In 10 years time humans might return to the Moon, and in 20 years we might land on Mars. Are we really going to experience this event primarily through a technology which by then will be 100 years old?
The most interesting alternative (well beyond the simple re-packaging of a headcam feed to a wrap-around headset display) are virtual worlds.
When that astronaut (or taikonaut) steps out onto the Moon I (and you) could already be standing on the surface waiting for them.
NASA are already out to tender for their own virtual world. But this won't just be one world, but also a virtual Moon, a virtual Mars. As we collect more and more data about these worlds their virtual analogs will become ever more accurate. Scientists will gather in them to plan missions, analyse data, and decide on the next move or dig of a robot explorer.
But when the landings come these worlds will be crowded. The mission specialists will have their private world, the rest of us will have our own public instances, as crowded or as private as we like. Some might immerse us, forcing us to wear spacesuits and move in reduced gravity, others let us party around the virtual BBQ.
Using video or other motion capture analysis the movement of the astronaut will drive the million copies of their avatar. We'll watch from wherever we want to stand, we'll hear the words as they are spoken, and watch their actions as they do them.
For some this may seem less real than video. But both are just streams of data - and digital video (particularly with emerging object based standards such as MPEG7) has no monopoly on, or even claim to, truth. And in the virtual world you will be immersed, not just viewing but part of the action, it becomes subjective not objective.

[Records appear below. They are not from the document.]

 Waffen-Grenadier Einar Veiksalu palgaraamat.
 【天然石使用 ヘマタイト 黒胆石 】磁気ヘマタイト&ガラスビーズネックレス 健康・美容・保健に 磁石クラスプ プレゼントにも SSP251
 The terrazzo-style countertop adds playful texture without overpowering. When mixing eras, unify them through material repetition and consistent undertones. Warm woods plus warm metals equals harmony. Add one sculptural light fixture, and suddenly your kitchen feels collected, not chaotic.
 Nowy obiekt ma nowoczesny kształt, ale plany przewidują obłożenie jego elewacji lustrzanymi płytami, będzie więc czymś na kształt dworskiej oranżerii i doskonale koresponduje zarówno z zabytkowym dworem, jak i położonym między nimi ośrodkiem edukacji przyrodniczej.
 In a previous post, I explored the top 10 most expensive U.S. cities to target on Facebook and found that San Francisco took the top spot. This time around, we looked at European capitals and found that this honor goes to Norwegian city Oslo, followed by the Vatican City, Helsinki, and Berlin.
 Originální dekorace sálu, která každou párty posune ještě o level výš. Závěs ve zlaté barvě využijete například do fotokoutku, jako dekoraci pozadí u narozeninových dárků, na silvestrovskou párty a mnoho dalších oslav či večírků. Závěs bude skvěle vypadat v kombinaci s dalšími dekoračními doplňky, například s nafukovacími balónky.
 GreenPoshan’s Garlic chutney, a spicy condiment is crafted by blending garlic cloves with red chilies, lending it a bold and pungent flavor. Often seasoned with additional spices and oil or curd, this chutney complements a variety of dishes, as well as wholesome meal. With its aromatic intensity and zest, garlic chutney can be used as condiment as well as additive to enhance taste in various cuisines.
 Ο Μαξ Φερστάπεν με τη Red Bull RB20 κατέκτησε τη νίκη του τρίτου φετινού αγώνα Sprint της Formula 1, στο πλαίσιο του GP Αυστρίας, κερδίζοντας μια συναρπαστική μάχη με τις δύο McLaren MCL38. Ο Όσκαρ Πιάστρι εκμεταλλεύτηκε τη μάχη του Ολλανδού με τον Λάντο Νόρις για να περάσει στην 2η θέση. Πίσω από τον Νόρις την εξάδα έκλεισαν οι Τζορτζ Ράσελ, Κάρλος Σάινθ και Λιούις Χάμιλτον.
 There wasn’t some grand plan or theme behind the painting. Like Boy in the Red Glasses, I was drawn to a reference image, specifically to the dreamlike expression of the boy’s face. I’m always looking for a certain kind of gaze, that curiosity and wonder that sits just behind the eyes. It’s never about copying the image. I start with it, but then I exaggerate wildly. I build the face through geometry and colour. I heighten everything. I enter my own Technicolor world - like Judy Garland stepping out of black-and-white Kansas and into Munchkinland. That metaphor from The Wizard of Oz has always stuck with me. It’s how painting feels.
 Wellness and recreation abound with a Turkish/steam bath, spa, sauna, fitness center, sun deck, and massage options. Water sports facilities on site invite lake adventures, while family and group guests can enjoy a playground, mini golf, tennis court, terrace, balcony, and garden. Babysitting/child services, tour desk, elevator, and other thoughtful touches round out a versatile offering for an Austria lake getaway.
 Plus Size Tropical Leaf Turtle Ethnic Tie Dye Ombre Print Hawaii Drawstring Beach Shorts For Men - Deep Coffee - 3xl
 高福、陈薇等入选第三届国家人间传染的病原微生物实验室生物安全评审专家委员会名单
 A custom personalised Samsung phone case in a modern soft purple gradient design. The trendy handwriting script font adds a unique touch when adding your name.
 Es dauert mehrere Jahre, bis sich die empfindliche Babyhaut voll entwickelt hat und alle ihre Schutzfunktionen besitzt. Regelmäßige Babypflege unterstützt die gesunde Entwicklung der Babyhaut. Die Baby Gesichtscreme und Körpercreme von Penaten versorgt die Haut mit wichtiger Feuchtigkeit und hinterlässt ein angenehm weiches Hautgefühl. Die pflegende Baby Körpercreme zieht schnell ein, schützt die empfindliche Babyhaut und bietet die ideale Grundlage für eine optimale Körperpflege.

Of course Mars offers an additional challenge - lag. The Moon is only 1.2 light seconds away. Mars is 200 - 300 light seconds away. As a one way experience that will be fine, but it disrupts the two-way experience - particularly important for the astronauts, their controllers and scientists, and perhaps even their families. The solution to this may be the flip situation - we virtualise ourselves as an AI based personality construct and run ourselves in the virtual Mars on the astronauts servers on Mars.
So perhaps my grandchildren will remember the return to the Moon or the first Mars landing not as something they saw on a screen sat on a cold wood floor, but as something they experienced unfolding around them.